Perhaps there is a step we can take toward linked data without making large changes to the existing data stores in government and industry.  Let’s review the principles of Linked Data first (as paraphrased from wikipedia to add clarity):

  • Use URIs (Unique Resource Identifiers) to identify things that you expose to the Web as resources.
  • Use HTTP URIs so that people can locate and look up (dereference) these things.
  • Provide useful information about the resource when its URI is dereferenced.
  • Include links to other, related URIs in the exposed data as a means of improving information discovery on the Web.

The striking thing about these principles is that they don’t mention XML or RDFa etc but focus instead on linking data to definitions.  So it would seem a hybrid solution between the linked data concept and existing databases is possible.  We could add URIs as fields in existing databases for important elements and define a central location where we will track information about that element.  For instance, in the US government there are lots of federal buildings used by multiple agencies.  So I would assume many agencies have databases which refer to federal buildings.  Why not establish a central location to define those buildings and assign each a URI. (A URI by the way is essentially a universal identifier for a real world object.  Essentially it is a web page for each building, but the page would more like contain data links than nice pictures.  (Oh and some people refer to URIs as URNs or Unique Resource Name in an effort to make them more human readable which is nice too) .

So each federal building would have a URI/URN and we could of course put more information about each building in a centrally defined schema, but that will start to be real work and have instant security issues.  So why not initially just have URIs contain recipricol links to databases which also contain that identifier?  The links would have brief non-security breaking descriptions of what type of data is stored in the database which is linked to.    This would remove the need to re-securitize a lot of information to make it cross-department/cross-agency available.   And here is the other key to success for this type of solution: Don’t require the back links to the databases to expose data unless they already do so.   If we start requiring data to be exposed in this step,  it opens up the security pandora’s box.   We need to avoid imposing a new security regime for centralized data,  because it is a stumbling block which would create delays and costs.  And if people do not clearly see the benefits of this step, then it would simply die in committee in most cases.

So that is fine you say.  We have URIs for important data elements and for databases which contain those elements but it is not exposing data,  so where is the benefit?  I think this stripped down version of linked data would have 4 definite benefits:

  • Reference.  The URIs could serve as reference documents to find where similar information is stored.
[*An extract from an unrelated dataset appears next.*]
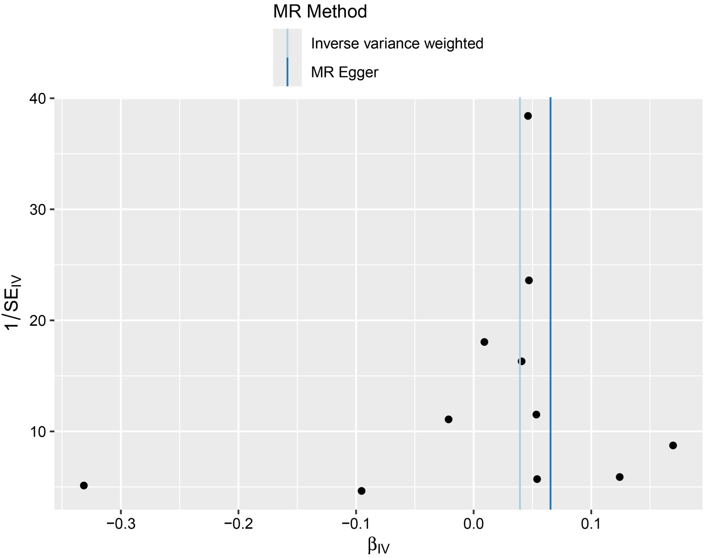 图3. 孟德尔随机化分析漏斗图(强直性脊柱炎→肾恶性肿瘤(不含肾盂))

Users could then apply for security permissions on an as needed basis when they need to link to other databases.
  • Innovation.  Users, who would now have a more complete map of available data could be begin to suggest more uses for linking the data.
  • Discoverability.  Search engines (internal or external depending on the security decided upon for the URNs) could make existing databases more discoverable because the engines could discover  important data elements in the databases.  Search engines make use of links to discoverable relevance to searches and are often key to researching problems .
  • Interoperability.  The process of assigning URIs will begin to expose problems in data interoperability due to different definitions in different databases. The URI map would serve as a survey of issues in creating truly interoperable data.
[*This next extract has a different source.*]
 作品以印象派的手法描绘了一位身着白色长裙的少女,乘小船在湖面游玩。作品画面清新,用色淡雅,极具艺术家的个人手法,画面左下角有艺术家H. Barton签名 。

So now the readers of this blog are in at least 2 camps.

  • Those who feel this is a half measure and would be a distraction from advocating for more completely linked data.
  • Those who are still not clear on the benefits of bothering to start the process of linking data at all.
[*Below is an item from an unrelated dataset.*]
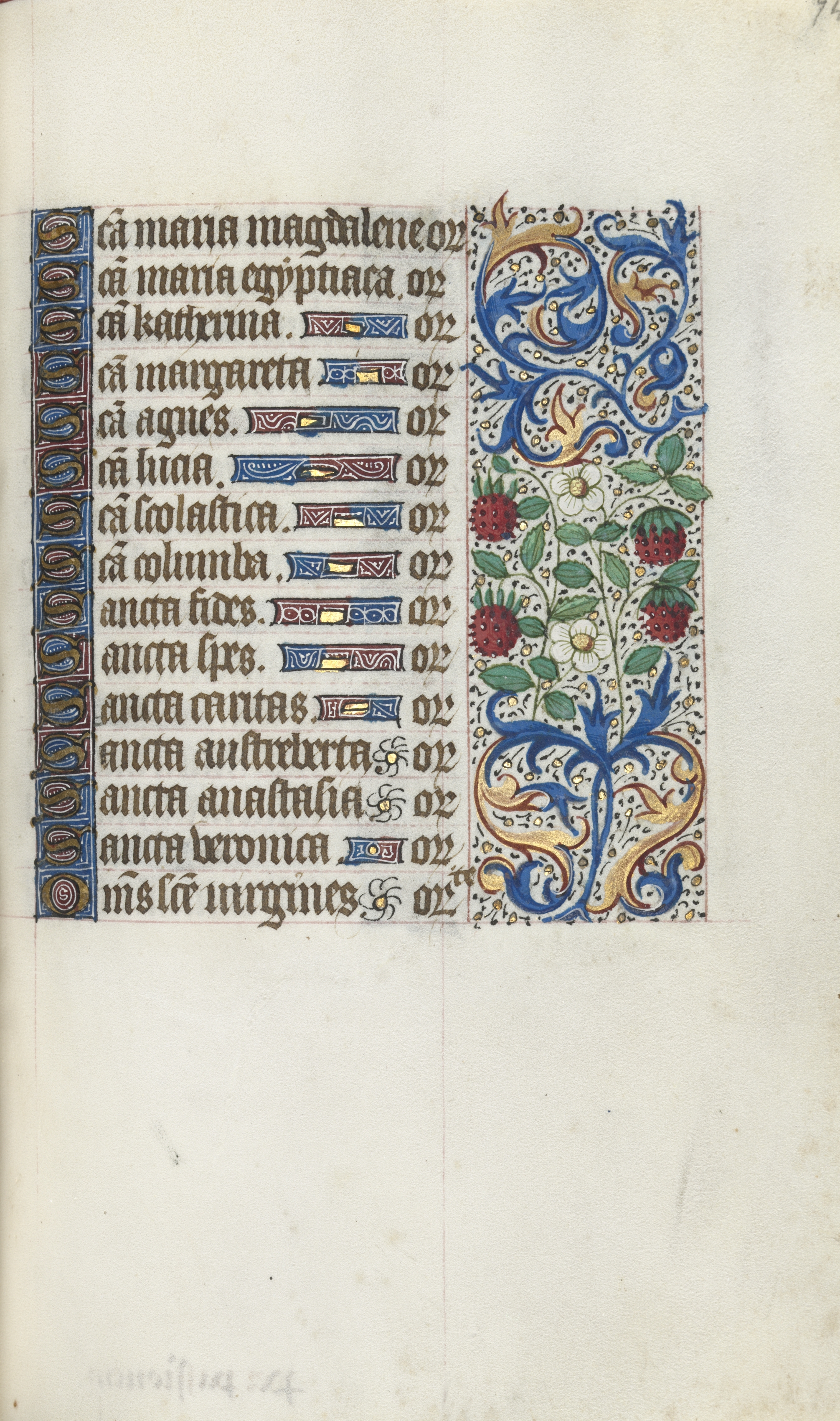 The image depicts a full-page illuminated manuscript. The page has a beige background with darker spots and lines. A column of black calligraphy text on the left side that extends to the top and bottom. To the right of the text are colorful illustrations. A border on the left edge shows a blue background with gold and white designs. A floral pattern on the right edge showcases a blue and orange vine-like design at the top and bottom, with green leaves and red and white flowers in the center. The bottom of the page features a grayish smudge.

I am hoping there is a third camp which sees this as a doable step in large enterprises such as the US government.  And that it would be the first step toward data which is more linked and therefore more usable for both public and internal uses, and eventually interoperable.

Let me know which camp you are in!

Advertisements

The future of the internet will involve more authentication than it does today but here is a potential interim solution to provide some level of authentication for Gov 2.0 presence on online social networks such as facebook and twitter. standard policy of having a reciprocal link back to a facebook fan page or twitter account on a .Gov/.Mil website which the social network page points to could be a simple interim solution. I call it Reciprocal Link Authentication.

Government 2.0 includes a government presence on non-government websites such as online social networks (OSNs) (think facebook fan pages and twitter accounts) so that citizen’s can encounter government guidance and assistance where they ‘live’ in cyberspace.  But how can citizens be certain that the government account/representative is authentic?    If you run into someone in the street and they say they are working for the government, how do you know for certain?  They provide you will a badge or ID right at the beginning of the conversation.

If we encounter government workers as official government representatives in non-government cyberspace, should we also be able to see some sort of identification?   Since cyberidentity is more easily assumable in many cases than aliases in real life (especially on social networks), shouldn’t there be a way to verify the authenticity of someone claiming to represent a government? Often times government officials on OSNs such as agency fan pages on facebook or informational twitter accounts will have an official seal or emblem. The problem with this is that it is trivial and relatively low-risk to copy or create an image of a seal or official looking emblem and put it on an anonymous OSN account compared to duplicating a paper credential which someone might show you in person.

The commercial solution for authentication won’t work on social network pages. Here’s why.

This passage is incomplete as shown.